外国人部下のマネジメントで成果を出すには、英語力だけでなく、文化的ギャップへの理解が不可欠です。本記事では、日本式マネジメントが通用しない理由を文化的背景から解説し、業務指示・1on1・フィードバック・人事評価面談といったデリケートな場面ごとに、すぐに使える実践英語フレーズを提供します。
日本式マネジメントが外国人部下に通用しない3つの文化的ギャップ
外国人部下とのコミュニケーションで日本人マネージャーが苦戦する原因は、英語力の不足だけではありません。マネジメントに対する文化的な前提が根本的に異なることが最大の要因です。
ギャップ①:「以心伝心」vs「言語化」
日本のビジネス文化では、「言わなくてもわかるだろう」「空気を読んでほしい」という暗黙の期待が日常的に機能します。しかし、多くの文化圏では、言葉にされていないことは「存在しない」ものとして扱われます。上司が期待する品質水準、納期の優先度、報告のタイミング——これらを明示的に言語化しなければ、外国人部下は「指示されていない」と認識します。「察してほしい」は通用しません。
ギャップ②:「先輩・後輩」vs「コーチ・選手」
日本では上司を「先輩」や「体育会系の上級生」のような存在として捉え、部下が上司に従うことが暗黙の規範となっています。一方、多くの欧米・アジアの文化圏では、上司はスポーツチームの「コーチ」のような存在として認識されています。
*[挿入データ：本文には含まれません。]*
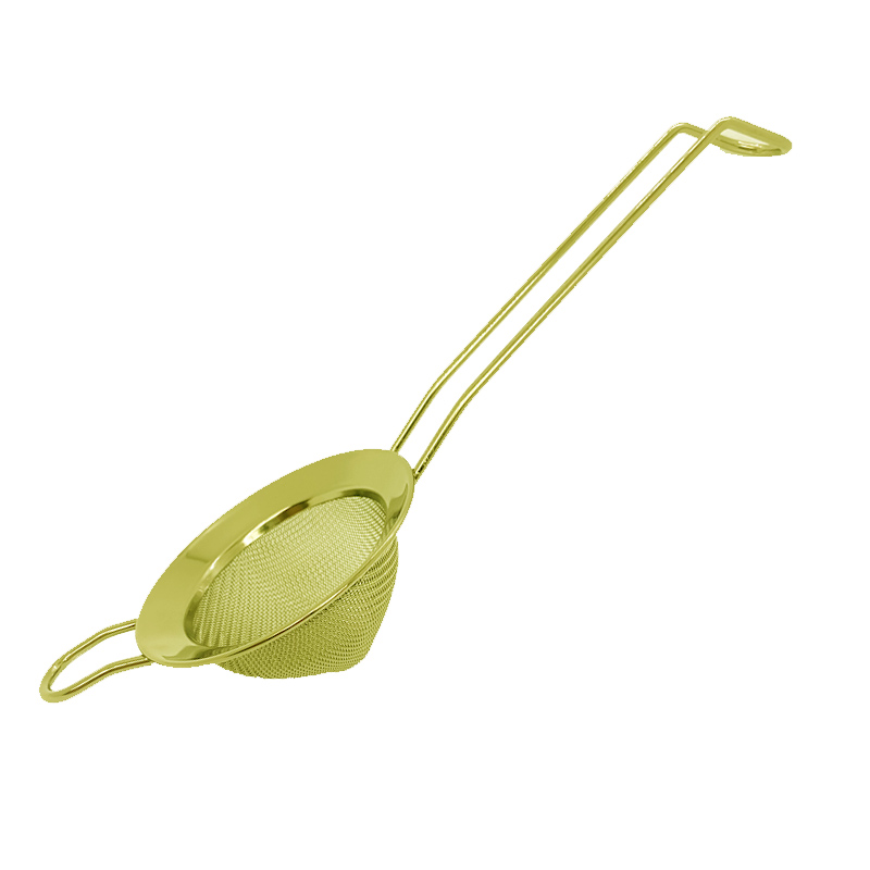 Barové sítko pro doble strain je důležitá pomůcka každého barmana. Slouží k zachycení pevných částic, jako jsou kousky ledu, dužnina z ovoce nebo citrusových plodů, koření atd. Vše, co je v koktejlu nežádoucí, zůstane v jemném sítku a koktejl bude krásně čirý. Barové sítko v zlatém provedení je díky své rukojeti vhodné k zavěšení a své využití najde nejen za barem, ale také v kuchyni a cukrárně.

コーチは一方的に命令する存在ではなく、選手(部下)の能力を最大限引き出すためにガイダンスとフィードバックを提供する存在です。外国人部下は、命令よりも「明確な方向性」と「成長を支援する姿勢」を上司に期待しています。
ギャップ③:「集団主義」vs「個人の貢献の可視化」
日本では「チーム全体の成果」を重視し、個人を目立たせないことが美徳とされることがあります。しかし、外国人部下の多くは、自分の個人的な貢献が具体的に認められることを強くモチベーションとしています。「チームでよくやった」だけでは、自分の貢献が評価されたのかどうかがわからず、不満やエンゲージメントの低下につながります。
これら3つのギャップを埋める鍵が「マネジメント英語」です。以下のセクションで、外国人部下のマネジメントにおける5つの重要場面それぞれについて、文化的背景を踏まえた実践フレーズを解説します。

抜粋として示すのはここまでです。